Wednesday, September 6, 2006

Click on map text for any area.

Being very keen on getting to the Lankester Gardens, it seemed logical to take a tour that got us there and let us see some other things as well. So we booked an early tour that took us to the Irazu Volcano, the Orosi Valley and to Lankester Gardens.

The van picked us up about 8am and then picked up a couple from Dallas and we set out southward across San Jose.

These are just scenes snapped from the van as I tried to get a feeling for what the area was like.

Grocery cart and church in San Jose.
San Jose market and mountainside housing in the more open area between San Jose and Cartago.
More rural market in Cartago. Leaving Cartago and heading up the mountain toward Irazu.
The town crawled up the side of the mountain, but soon gave way to open fields. We saw a lot of food crops being grown, notably potatoes and onions.
As we climbed steeply up the mountainside, there were places where we could look back to the valley and see Cartago. We watched fieldwork in the sloping fields. It looked like they were digging potatoes.
High on the mountainside there were dairy farms and more cattle. It is pleasant slopes now, but in 1963, when Charles and Wanda were here on their year of language study, Irazu erupted all year. An underground reservoir somewhere near here burst out and took mudslides down the mountain.
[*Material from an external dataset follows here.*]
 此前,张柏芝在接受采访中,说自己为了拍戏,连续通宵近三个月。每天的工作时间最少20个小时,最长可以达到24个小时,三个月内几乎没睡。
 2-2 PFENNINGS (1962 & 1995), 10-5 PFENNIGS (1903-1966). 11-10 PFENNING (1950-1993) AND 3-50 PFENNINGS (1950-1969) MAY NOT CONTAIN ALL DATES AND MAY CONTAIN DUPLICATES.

We were now at high altitude and the air was cool. It almost had the feel of Switzerland to me.

We made it to the top at 11,200 ft (3432 meters officially). At left above is the mountain ridge to the north, and one of those peaks is the volcano Poas. At right above is the view eastward from the summit, and you can see the shoreline of the Atlantic ocean in the distance.

We came back down from the high summit to the observation area where you can walk to the edge and look down in the craters. One of the most fascinating things there was the "poor man's umbrella" plant with huge leaves. These plants were quite abundant around the edge of the crater. The other plant I had been intrigued with on the way in was the one giving brilliant patches of red among the green plants.
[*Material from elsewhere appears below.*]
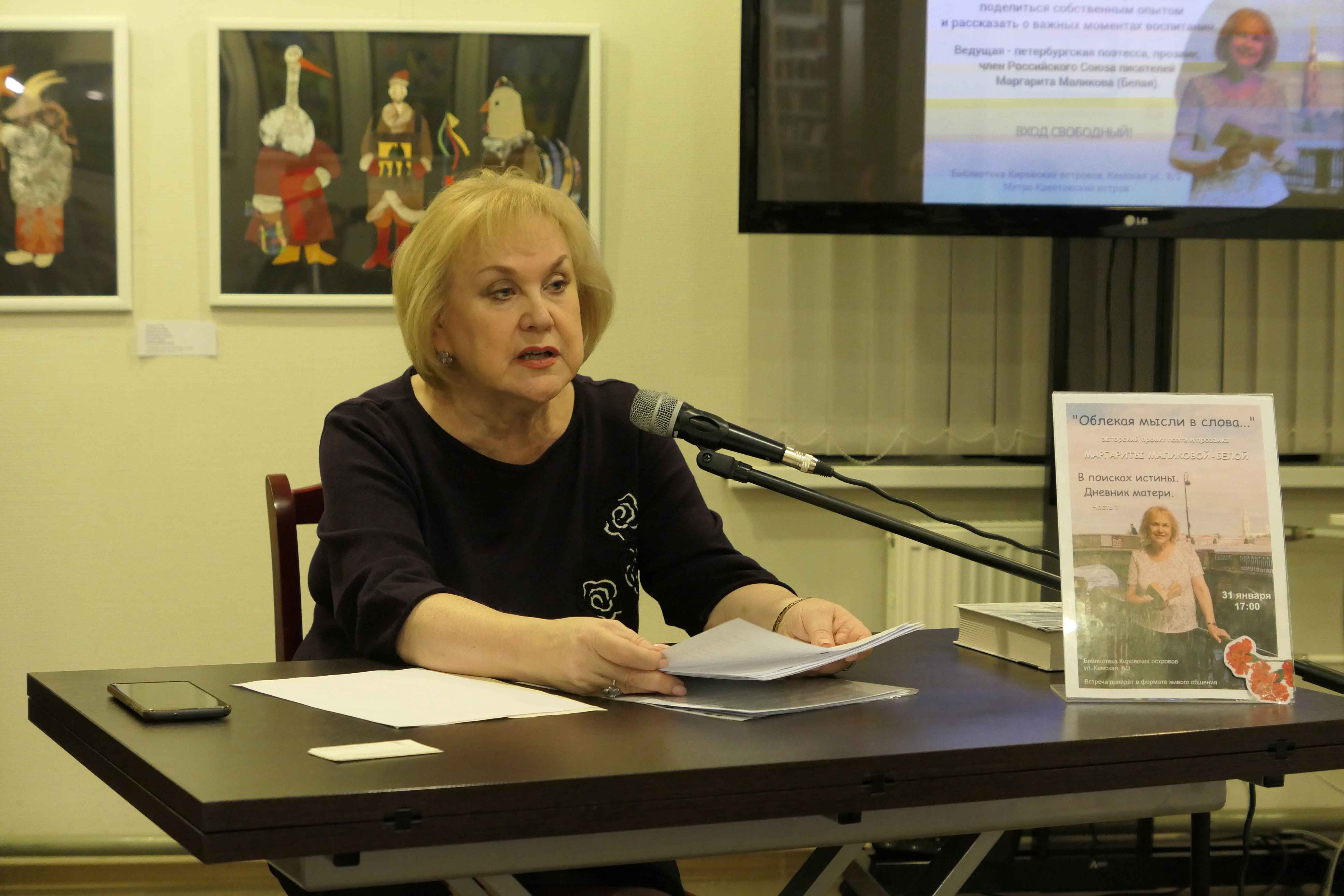 Этой теме была посвящена творческая встреча «В поисках истины. Дневник матери» с петербургской поэтессой, прозаиком Маргаритой Маликовой (Белой), состоявшаяся в библиотеке Кировских островов (Кемская улица, 8/3).

Up close, this flower showed some rough edges, but it certainly retained its brilliant red color. The plant reminded me a little of indian paintbrush, but it had broader petals and was more brilliant.

The whole hillside above the crater rim was covered with this luxuriant plant. I had never seen anything like it before.

I thought I was going to tear my attention away from these plants and look at the crater, but when I looked over the edge, there were my two new plant friends, hanging on the edge.

Well, OK, its just become theme and variation on the umbrellas and the red flowers with the green lake in the background. All of this was just natural, I think, but it surely produced some nice flower arrangements. The pinkish cluster is actually part of the umbrella plant I think - at least I saw such a cluster with lots of the umbrellas.

With the geometry of the crater and the position of the rails, there was just no way to get a picture of Brenda with the green lake of the crater in the background. So she is on the right, and t he thing she is looking at is on the left.

The crater with the lake is one crater out of three, and the other two left a broad flat area of sand, like a large beach on top of the mountain. You can see the visitor headquarters up the angled road from the "beach", to the right of the forest of antennas that take advantage of the fact that this is the highest point around.

The bright-colored birds of the jungle were hard to photograph, but this fellow posed nicely on our way to the van.

We enjoyed the ride back down the mountain to Cartago. We now knew what to expect and could look for things we missed on the way up. It had cleared up a bit, so we got good views of the valley. In the view below, I'm not sure whether that is San Jose or Cartago, but our guide mentioned seeing both of them from the mountain.

The rich volcanic soil on the slopes of Irazu was certainly under intensive cultivation. This looks like a large potato field.

One more view over the cultivated land to the central valley where lie San Jose, Cartago, and a large fraction of the population of the country.

Two yokes of what you might call oxen, but we grew up calling them just brahmin cattle.